General characteristics
- Class & type: 1733 Establishment sixth-rate frigate
- Tons burthen: 42929⁄94 (bm)
- Length: Gundeck: 106 ft (32.3 m); Keel: 87 ft (26.5 m);
- Beam: 30 ft 5+1⁄2 in (9.3 m)
- Draught: 8 ft 5 in (2.6 m) (forward); 10 ft 9+3⁄4 in (3.3 m) (aft);
- Depth of hold: 9 ft 5 in (2.9 m)
- Propulsion: Sails
- Complement: 140 (1742); 160 (1745);
- Armament: UD: 20 × 9-pounder guns; LD: 2 × 9-pounder guns; QD: 2 × 3-pounder guns;

= HMS Solebay (1742) =

Royal Navy sixth-rate frigate

HMS Solebay was a 24-gun frigate of the Royal Navy. Commissioned in 1742 for the War of Jenkins' Ear, she served off Gibraltar and in the Mediterranean Sea until she was captured by a French squadron off Cape St Vincent two years later. Commissioned into the French Navy under the same name, Solebay served off the coast of France until she was recaptured by a British privateer in 1746. Decommissioned when the war ended in 1748, the ship was put back into service for the Seven Years' War.

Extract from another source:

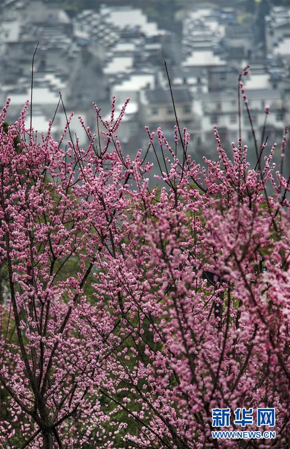 3月2日,盛開(kāi)的春梅映襯著平利縣長(zhǎng)安鎮(zhèn)高峰村徽派農(nóng)舍。新華社記者陶明攝

Operating off the east coast of Scotland from 1756, Solebay hunted privateers and deterred smugglers. On 26 May 1758 she fought an inconclusive action in the Firth of Forth against the French frigate Maréchal de Belleisle, during which Solebays captain was shot in the throat. Solebay saw further service on the Downs Station and off Calais before being paid off at the end of the war in 1763. The frigate was then put up for sale and bought to be converted into a merchant ship. She was last recorded as serving as an Indiaman in 1765.

==Design and construction==
Solebay was a 9-pounder sixth-rate frigate. (Note: Ships of the Royal Navy were categorised in a rating system. Sixth-rate ships held between twenty and thirty guns.) Frigates were three-masted, full-rigged ships that carried their main battery on a single, continuous gun deck. They were smaller and faster than ships of the line and primarily intended for raiding, reconnaissance and messaging. Prior to the start of the War of Jenkins' Ear between Britain and Spain in 1739, the Admiralty ordered twenty-four new 20-gun frigates to be built to the 1733 Establishment specifications. Ostensibly designed by Sir Jacob Ackworth, these ships were in fact close copies of the 1733 HMS Tartar, designed by Richard Stacey. While Tartar and her sister ship HMS Kennington had been constructed by Royal Dockyards, this new batch of ships was contracted out to private dockyards. They otherwise differed by having two pairs of gun ports on the lower deck. (Note: These ports were ordered to be closed over in 1754.) In June 1740 two more ships were ordered to this design, with Solebay, the last, being the first of the class to be officially designated a 24-gun frigate rather than a 20-gun one.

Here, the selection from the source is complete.